I was also surprised to see one book with no Amazon reviews whatsoever, although not an indie. While 7% of books had less than ten reviews, the median was a hefty 90 reviews.
The ads by publisher:
I recently read that BookBub is no longer for indie books. That’s not entirely true.
Here “Unknown” refers to publishers who represent only one or two authors in the 60,000 books I looked at previously. One or both of these authors may be pen names, so most of the publishers labeled “Unknown” are likely indie published.
It’s apparent that BookBub does still cater to indie books, particularly the free ones. Below is a table of the average rating and number of reviews for books by each publisher category, FWIW.
The ads by discount:
To be one of the “Latest Deals” a book must be free or discounted. The median discounted price is 25% of the original price. There is a peak around 33% because this typically represents a $2.99 book (Amazon’s minimum price to earn a 70% royalty) discounted to $0.99 (the lowest price Amazon allows the publisher to set).
No book in my sample was discounted less than 50%. Most books are at the $0.99 price point.

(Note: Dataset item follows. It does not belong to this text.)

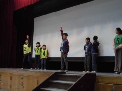 その後,保健体育委員会より新たな取組の紹介がありました。寒い日も外で元気に遊べるようにと委員会の子どもたちが工夫を凝らした遊びを考えました。今後,クラス単位でそれらの遊びに取り組みます。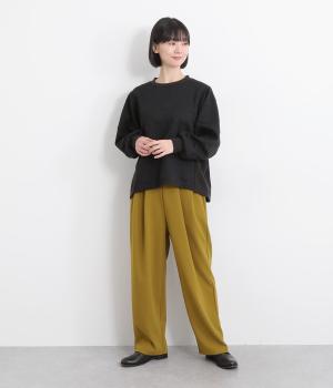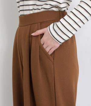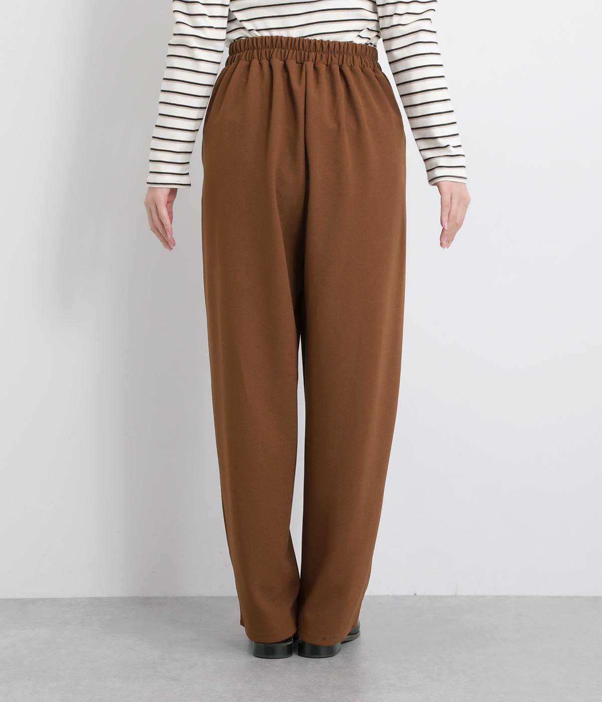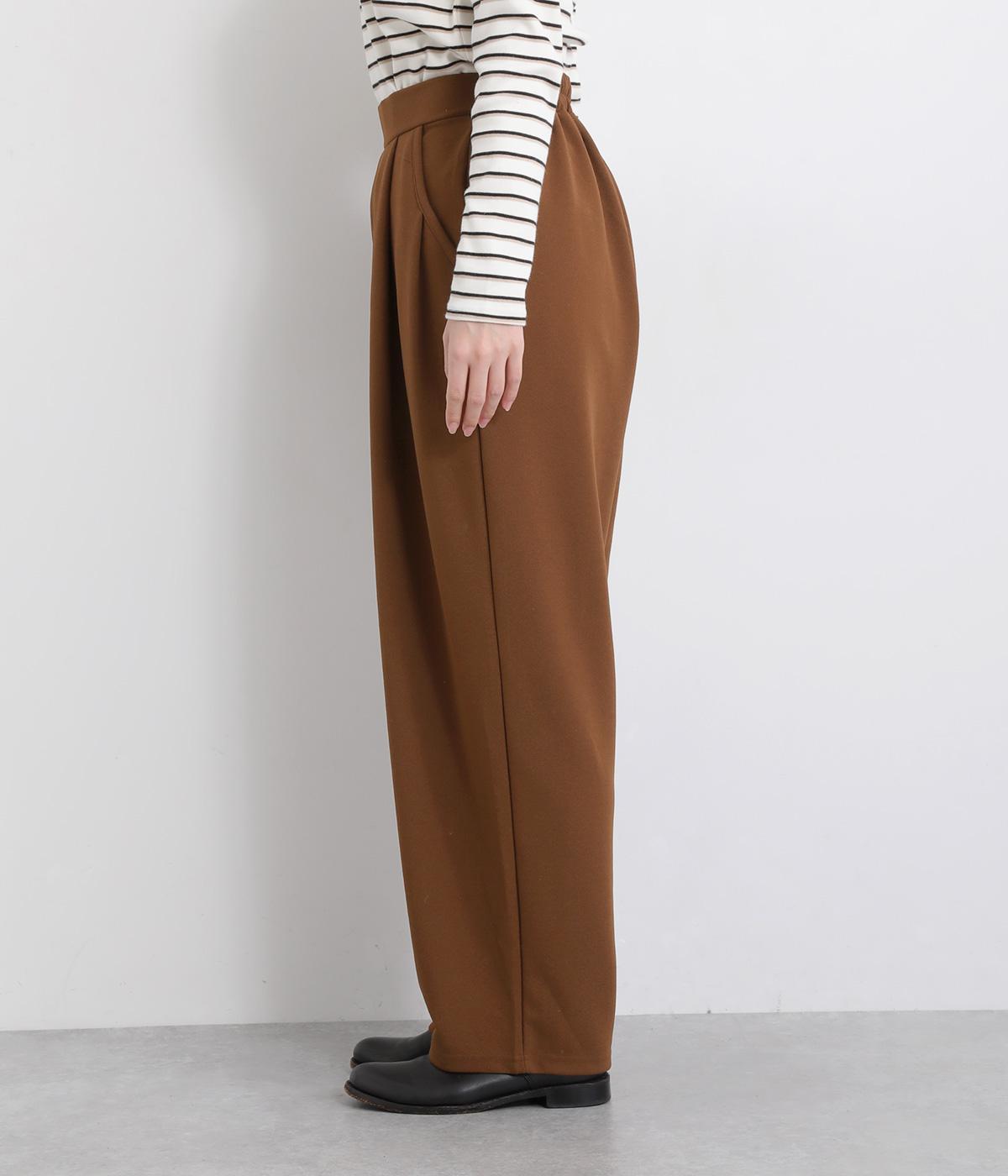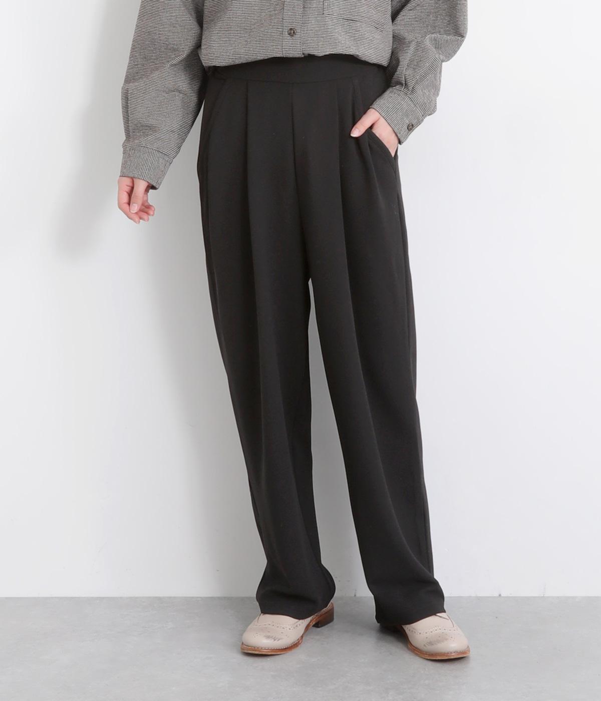 腰まわりにタックをほどこして、立体的な丸みを描くコクーンシルエットに仕上げたパンツです。ヒップや太ももまわりをカバーしつつ、裾にかけて細くなるラインで自然なメリハリを演出。ウエストは楽なゴム仕様ですが前はフラットに見えるため、トップスインも◎。

Placement on the Latest Deals list:
It is also worth noting how ad placement on the first page of the list varies with genre and price. The first chart (and this may be a bit confusing) is a bubble diagram that plots average placement (higher on the chart means closer to the top of the list) by genre versus number of ads during the 20 days, with the more numerous ads toward the right (this is also indicated by bubble size). The single Teen and Young Adult ad appeared in the first position, as did all five Literary Fiction ads. Note the cluster in the top right corner where a large volume of Mysteries, Thrillers, and Contemporary Romance novels have enjoyed prominent placement. For example, Mysteries comprised 39 ads with an average placement position of 2.5.
The second chart of average original/discounted price shows that the first slot on the list tended to favor the more pricy books. (More in a future post on the sales implication of being first or second on the list.) The first slot was typically populated by discounted books (only one free book made it into the first slot) and the second position was usually a free book.
Starting rank (book rank when the Latest Deals page first goes up) also correlated with placement.
I hope this information is helpful. This data certainly helped me understand why my ad was rejected.
Again, if you have suggestions for new ways to look at the data, please post these in the comments. See my next post for an analysis of the actual performance of BookBub ads.
*Amazon can pay the referring website up to 8.5% of everything the customer buys if the website has been accepted as an Amazon affiliate.